The tablefunc module includes multiple functions that return tables (i.e., multiple rows). These functions are useful in their own right and can also serve as examples of how to write C functions that return multiple rows.

This module is considered "trusted", that is, it can be installed by non-superusers who have CREATE privilege on the current database.

1. Functions Provided

Table C.30 summarizes the functions provided by the tablefunc module.

Table C.30. tablefunc Functions

Function/Brief
normal_rand ( numvals integer, mean float8, stddev float8 ) → setof float8 Produces a set of normally distributed random values.
crosstab ( sql text ) → setof record Generates a "pivot table" containing row names plus N value columns, where N is determined by the row type specified in the calling query.
crosstabN ( sql text ) → setof table_crosstab_N Produces a "pivot table" containing row names plus N value columns. crosstab2, crosstab3, and crosstab4 are predefined, but you can create additional crosstabN functions as described below.
crosstab ( source_sql text, category_sql text ) → setof record Produces a "pivot table" whose value columns are determined by a second query.
crosstab ( sql text, N integer ) → setof record Deprecated version of crosstab(text). The parameter N is now ignored since the number of value columns is always determined by the calling query.
connectby ( relname text, keyid_fld text, parent_keyid_fld text [,orderby_fld text ], start_with text, max_depth integer [, branch_delim text ] ) → setof record Produces a display of a hierarchical tree structure.

1.1. normal_rand

normal_rand(int numvals, float8 mean, float8 stddev) returns setof float8

normal_rand produces a set of normally distributed random values (Gaussian distribution).

numvals is the number of values returned by the function. mean is the mean of the normal distribution of values, and stddev is the standard deviation of the normal distribution of values.

For example, this call requests 1000 values with a mean of 5 and a standard deviation of 3:

test=## SELECT * FROM normal_rand(1000, 5, 3);

normal_rand

----------------------

6.558678074264742

3.788525831704606

5.553842704505796

9.753656749832347

6.123704750357675

5.499242993736144

8.766552109565838

.

.

.

2.702899991153945

1.3775170519858717

9.663611813628377

(1000 rows)

1.2. crosstab(text)

crosstab(text sql)

crosstab(text sql, int N)

The crosstab function is used to produce a "pivot" display, where data is laid out across the page rather than listed vertically. For example, we might have data like this:

row1 val11

row1 val12

row1 val13

...

row2 val21

row2 val22

row2 val23

...

And we want to display it like this:

row1 val11 val12 val13 ...

row2 val21 val22 val23 ...

...

The crosstab function takes a text parameter that is an SQL query producing raw data formatted in the first manner, and produces a table formatted in the second manner.

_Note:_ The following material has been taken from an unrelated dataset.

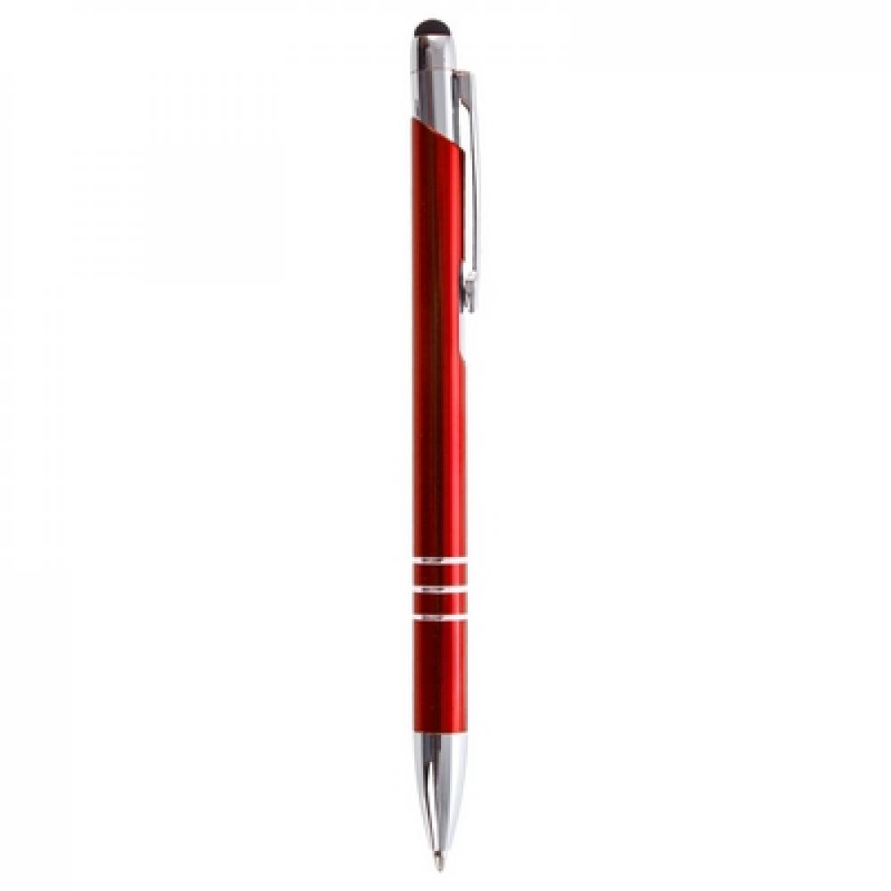Шариковая ручка, стилус с черным резиновым наконечником, цветной корпус и серебристая отделка

The sql parameter is an SQL statement that produces the source set of data. This statement must return a row_name column, a category column, and a value column. N is a deprecated parameter that is ignored even if provided (previously this had to match the number of output value columns, but this is now determined by the calling query).

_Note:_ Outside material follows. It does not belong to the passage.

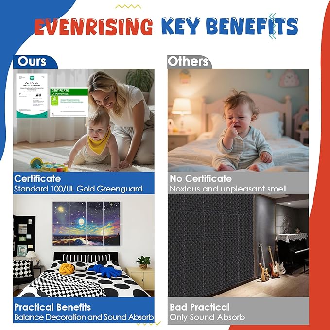 - [UNIQUE DESIGN] Compared to other art acoustic panel, our panels are safer. Don't have to worry about uncertified products affecting your health.Evenrising acoustic art made of 100% recycled material.

For example, the provided query might produce a set like this:

row_name cat value

----------+-------+-------

row1 cat1 val1

row1 cat2 val2

row1 cat3 val3

row1 cat4 val4

row2 cat1 val5

row2 cat2 val6

row2 cat3 val7

row2 cat4 val8

The crosstab function is declared to return setof record, so the actual names and types of the output columns must be defined in the FROM clause of the calling SELECT statement. For example:

SELECT * FROM crosstab('...') AS ct(row_name text, category_1 text, category_2 text);

This example produces a set like this:

<== value columns ==>

row_name category_1 category_2

----------+------------+------------

row1 val1 val2

row2 val5 val6

The FROM clause must define the output as a row_name column (with the same data type as the first result column of the SQL query), followed by N value columns (all with the same data type as the third result column of the SQL query). You can set as many output value columns as you wish. The names of the output columns are up to you.

The crosstab function produces one output row for each consecutive group of input rows with the same row_name value. It fills the output value columns from left to right using the value fields from these rows. If a group has fewer rows than output value columns, the extra output columns are filled with null values. If there are more rows, the extra input rows are skipped.

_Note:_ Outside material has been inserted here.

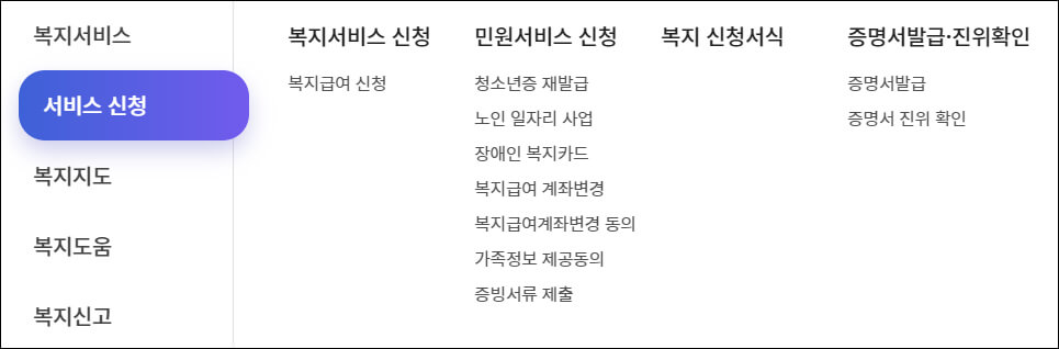 서비스 신청은 실제적으로 복지급여를 신청하는 메뉴로 로그인 후 진행됩니다.

In practice, the SQL query should always specify ORDER BY 1,2 to ensure that the input rows are properly sorted, i.e., rows with the same row_name are grouped together and correctly ordered within the group. Note that crosstab itself does not pay attention to the second column of the query result; it is there solely for sorting purposes, to control the order in which the third column values appear on the page.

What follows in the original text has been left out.